September 17, 1998|By Jay Apperson and JoAnna Daemmrich | Jay Apperson and JoAnna Daemmrich,SUN STAFF

As two candidates in a photo finish for the GOP nomination for state comptroller awaited a final tally that may not arrive until next week, Republican gubernatorial nominee Ellen R. Sauerbrey's choice for the post acknowledged yesterday that he had lost the race.

Election officials were preparing yesterday to begin counting as many as 7,800 absentee ballots in order to name a winner in the race between Larry M. Epstein, the party's 1990 nominee for comptroller, and Timothy R. Mayberry, the 1994 Republican nominee.

Michael Steele, who had been endorsed by Sauerbrey, remained mathematically alive -- but, trailing by more than 4,500 votes, realistically had been eliminated.

"I can go back to a life," Steele, the first black to head the Prince George's County Republican party, said yesterday at the GOP unity breakfast in Annapolis. "I got my kids ready for school this morning, so life proceeds as usual. Now we're just going to work hard to get Ellen and [lieutenant governor candidate] Dick [Bennett] elected."

Steele was running third, with 21 percent of the vote. With all precincts reporting -- including two in Howard County that could not count ballots until yesterday because of computer problems -- Epstein held a 295-vote lead over Mayberry.

Most counties were to begin counting absentee votes this morning, said Linda H. Lamone, the state's elections chief. But she said 482 absentee ballots issued to Republicans in Prince George's County were not scheduled to be counted until Monday, leaving the possibility that the election might remain undecided until next week.

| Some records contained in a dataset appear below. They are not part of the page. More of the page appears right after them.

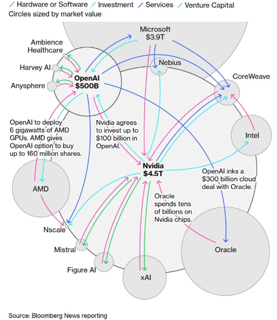 Now let’s exam the areas of concerns I have to start first with the graph below that shows how all the AI/tech companies are so intertwined with both investing in each other and revenue coming from each other. This is similar to my story about telecom companies not only buying from each other but also financing the purchases. This circular nature of an industry is never a great sign.
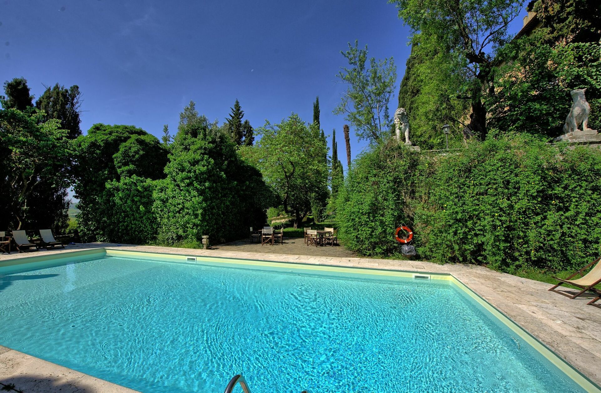 Montegufoni offre un ambiente provvisto di tutti i comfort ed in particolare di una fantastica piscina dove passare ore di relax con amici e familiari, un ampio giardino dove accogliere i propri ospiti che renderà unica la vostra permanenza nei periodi estivi e primaverili.
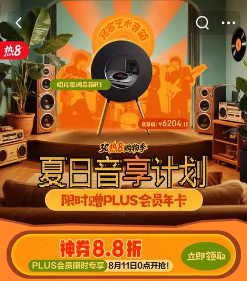 为了让更多消费者享受音乐的魅力,8月11日至12日,京东同步推出夏日音享计划线上活动专场,多款爆品音箱迎来限时直降优惠。在京东下单可领国家补贴立减15%,PLUS会员还能享专属88折优惠,非会员用户购买指定音箱产品即赠PLUS年卡,性价比超高。消费者只需打开京东APP搜索“我的本命bgm”即可直达活动页面,入手心仪好物。值得一提的是,活动期间参与“尖货抽签”的幸运用户将有机会0元购得ANMTU壁画音响、悬浮歌词音箱等潮流单品,奖励结果将于8月12日晚8点揭晓,心动的朋友不要错过。
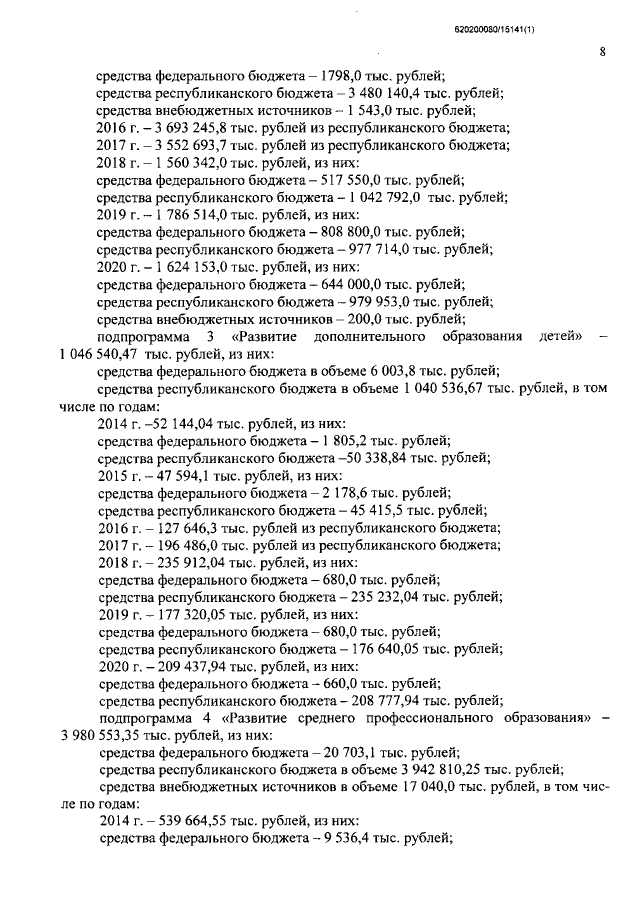 Постановление Правительства Республики Тыва от 06.11.2015 № 512 "О внесении изменений в государственную программу Республики Тыва "Развитие образования и науки на 2014-2020 годы"
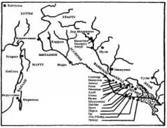 Археологами были найдены многочисленные тексты – по большей части фрагментированные – с описанием жизни богов и людей в последующие столетия. Центр империи продолжал перемещаться. В 2113 году до нашей эры началась самая славная глава в истории Шумера и Аккада. Учёные называют этот период Ур III, потому что в это время город Ур в третий раз стал столицей империи. Это был «культовый центр» Нанны/Си‑на, который жил в городе на священной территории (рис. 65) вместе со своей женой Нингаль. Их правление было просвещённым и милосердным. Царь, которому они доверили основать новую династию, Ур‑Намму, был мудрым и справедливым; при нём процветала международная торговля, позволявшая шумерам в обмен на зерно и ткани получать металлы и дерево. По свидетельству Библии яркие одежды из Ура высоко ценились даже в далёком Иерихоне. Купцы из Ура были известны во всём Древнем мире и пользовались заслуженным уважением; с их помощью разнообразные аспекты шумерской культуры становились известны другим народам. Для увеличения производства шерсти шумеры захватили обширные равнинные пастбища на севере, где был основан главный торговый форпост, служивший воротами в населённую хеттами Малую Азию. Новый город назвали Харраном – «Караван». Он должен был стать Уром в миниатюре, Уром вдали от Ура, и поэтому его планировка повторяла планировку столицы империи, а храм был копией храма в Уре. Вернувшийся из изгнания Мардук смотрел на все эти достижения с растущим чувством отчаяния и гнева. В своей автобиографии (копия её хранилась в библиотеке Ашшурбанипала) Мардук вспоминает, как после странствий по многим землям, «от восхода до заката солнца», он прибыл в страну хеттов. Там он прожил двадцать четыре года, и всё это время не переставал задавать себе вопрос: «Доколе?»

At yesterday's party unity breakfast, Sauerbrey, who had endorsed Steele to give her slate a presence from the suburbs of Washington, said she was disappointed that he hadn't won.

"But what it says is Republicans are independent and they make up their minds for themselves," she said later.

Steele said that prior campaigns probably gave Epstein and Mayberry advantages in name recognition. Also, Mayberry, a banker from Washington County, captured more than 60 percent of the vote in Western Maryland. Epstein, a partner in an Owings Mills accounting firm, won 58 percent of the vote in Baltimore County.

Some political observers said that Republicans, in failing to nominate Steele, have undone some shrewd political strategy laid by Sauerbrey.

"He was providing something very different for the ticket: a more moderate background, a strong speaker with inroads into some key constituencies, and [he is] from what is probably the most pivotal battleground in the 1998 election," political pollster Keith Haller said. "The Sauerbrey campaign must go back to the drawing board and devise a new strategy for running and selling their statewide ticket."

Christopher J. McCabe, a Republican state senator from Howard County who had endorsed Steele, said: "Michael Steele probably would have been the best candidate to reach out to those new type of swing voters, both geographically and racially. But I think Ellen wants Mike Steele to be a major player in her campaign. His name won't be on the ballot but that's not to say the vitality and diversity he brought cannot still be somehow utilized."

Sauerbrey vowed to support the eventual winner in a general election race against former Gov. William Donald Schaefer -- despite a backdrop of strained relationships with both Epstein and Steele.

Epstein, who was campaign treasurer for Sauerbrey's 1994 Republican rival, Helen Delich Bentley, said he and Sauerbrey had not spoken since the 1994 election until they met for lunch last winter.

Sauerbrey supporters have privately disparaged Epstein for backing the late comptroller Louis L. Goldstein and, they said, for participating in a group called Republicans for Glendening in 1994.

Epstein denies he was ever a member of that group, even though his name is listed on a membership list. "I have no idea who put that on there," he said yesterday.